At the Group of 20 summit in Pittsburgh this week, leaders will spend a great deal of time discussing minor questions that barely touch on the urgent problems facing the world’s leading economic powers. This is partly because many countries — and primarily their political elites — have concluded that the global crisis is ending, and partly because the most important questions are always the most difficult to address.

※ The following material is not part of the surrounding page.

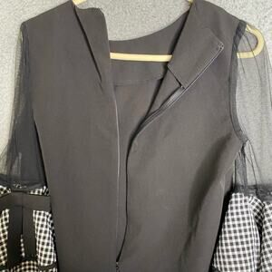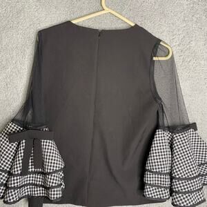 Gracia black bows plaid fancy date night dramatic bell sleeves dressy blouse S

The general mood is definitely much better now than it was last fall. This is not only because “green shoots” of new growth have appeared in the U.S. and European economies, but also because part of the problem is resolving itself: U.S. homeowners have started saving more and the Chinese government is working to raise domestic demand for its goods. This is serving to correct one of the global imbalances that led to the crisis. However, some problems have temporarily been set aside for the future. Because of their habit of using fiscal incentives to boost their economies, the governments of developed countries will inevitably be forced to raise interest rates to balance their budgets. The Chinese government has its own problems, lacking good examples of large-scale and long-term infrastructure projects when no developed system of political accountability is in place. Down the road, governments will have to cut back on social spending and cope with an inevitable increase in painful bankruptcies.

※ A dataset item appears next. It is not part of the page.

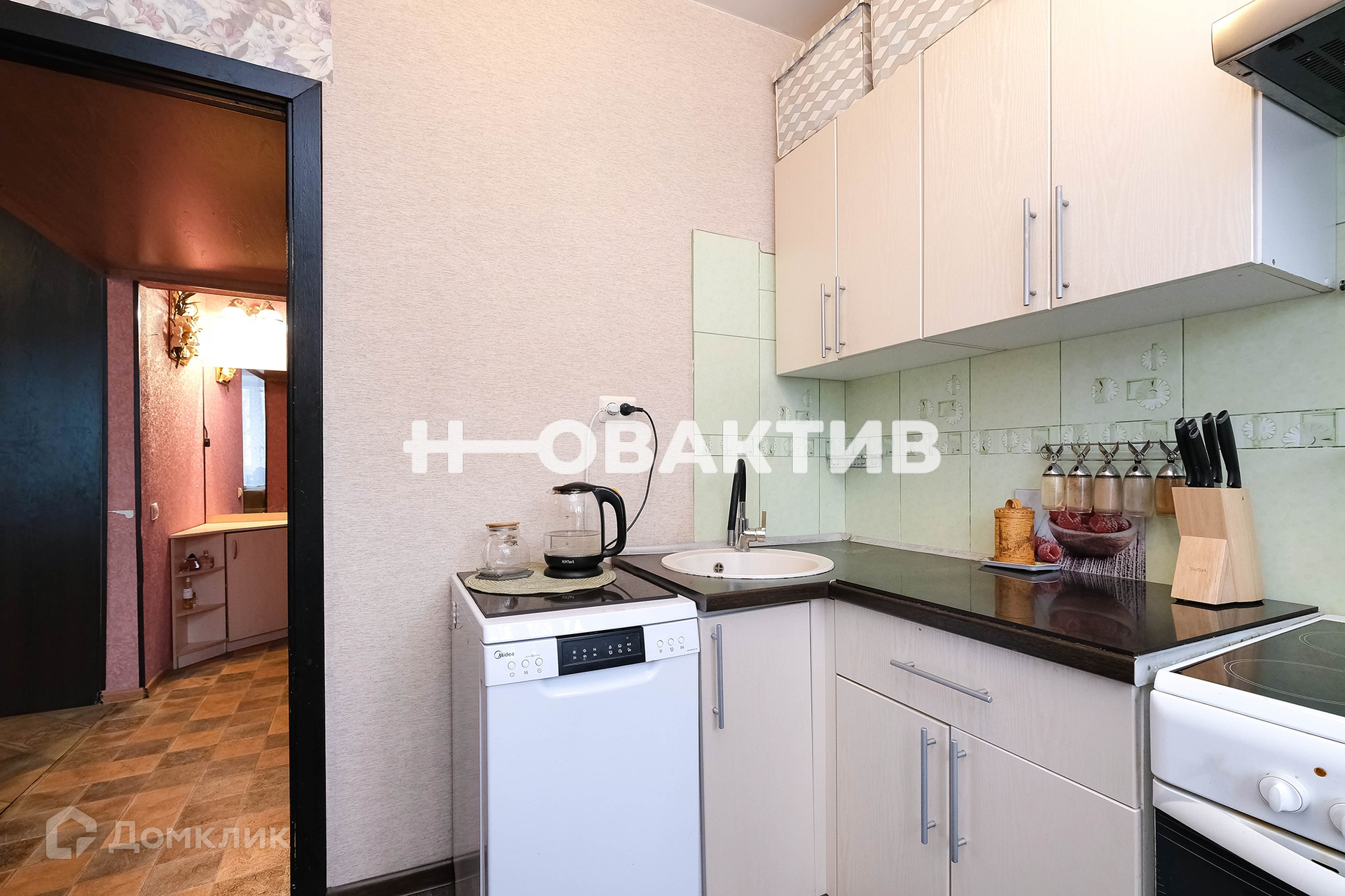 В квартире остается кухонный гарнитур и электроплита.

But at Pittsburgh, G20 leaders will be discussing the more trivial questions of limiting bonuses to bankers (an insoluble problem in state banks, and no problem at all in private banks), new requirements for bank reserves (the United States is unlikely to listen to the opinions of other countries on this issue), and the role of the International Monetary Fund and World Bank (developing countries cannot seem to grasp that having a “big role” in those organizations would also give them a “big responsibility”).

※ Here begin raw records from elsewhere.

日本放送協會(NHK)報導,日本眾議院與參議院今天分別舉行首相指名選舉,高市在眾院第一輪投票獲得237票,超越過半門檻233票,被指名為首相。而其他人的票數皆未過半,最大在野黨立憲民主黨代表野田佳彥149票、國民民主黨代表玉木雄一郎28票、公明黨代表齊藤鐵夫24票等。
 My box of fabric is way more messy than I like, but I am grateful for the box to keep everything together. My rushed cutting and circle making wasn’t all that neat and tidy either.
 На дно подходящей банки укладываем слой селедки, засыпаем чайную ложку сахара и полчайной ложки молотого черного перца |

What G20 leaders should be discussing is the growth of protectionism. Protectionist measures always make front-page headlines, as we saw earlier this month when the U.S. president raised import tariffs on Chinese tires and Beijing immediately retaliated with countermeasures. A report just released by the Center for Economic Policy Research shows that the G20 member countries — all of which pledged to combat protectionism — introduced 121 measures favoring domestic companies while discriminating against imported goods. Those measures have affected 95 percent of all traded commodities and 80 percent of the world’s economic sectors.

Unfortunately, Russia is one of the world’s leaders in the ruinous race to erect protectionist barriers, with 20 already in place, according to CEPR. In addition to Russia, a host of other countries — China, India, Indonesia, Britain, the United States, Germany, France and Poland — have introduced restrictions that worsened trade conditions for more than 100 of their trading partners. There is no comfort in knowing that Russia shares its dubious distinction with the world’s leading economies. As a rule, protectionist measures are self-destructive for a domestic economy, although the damage caused by “trade wars” is obviously much greater. The fact that these issues are so unpleasant to discuss is all the more reason leaders should resolve to address them.

Konstantin Sonin, a visiting professor at the Kellogg School of Management, Northwestern University, is a columnist for Vedomosti.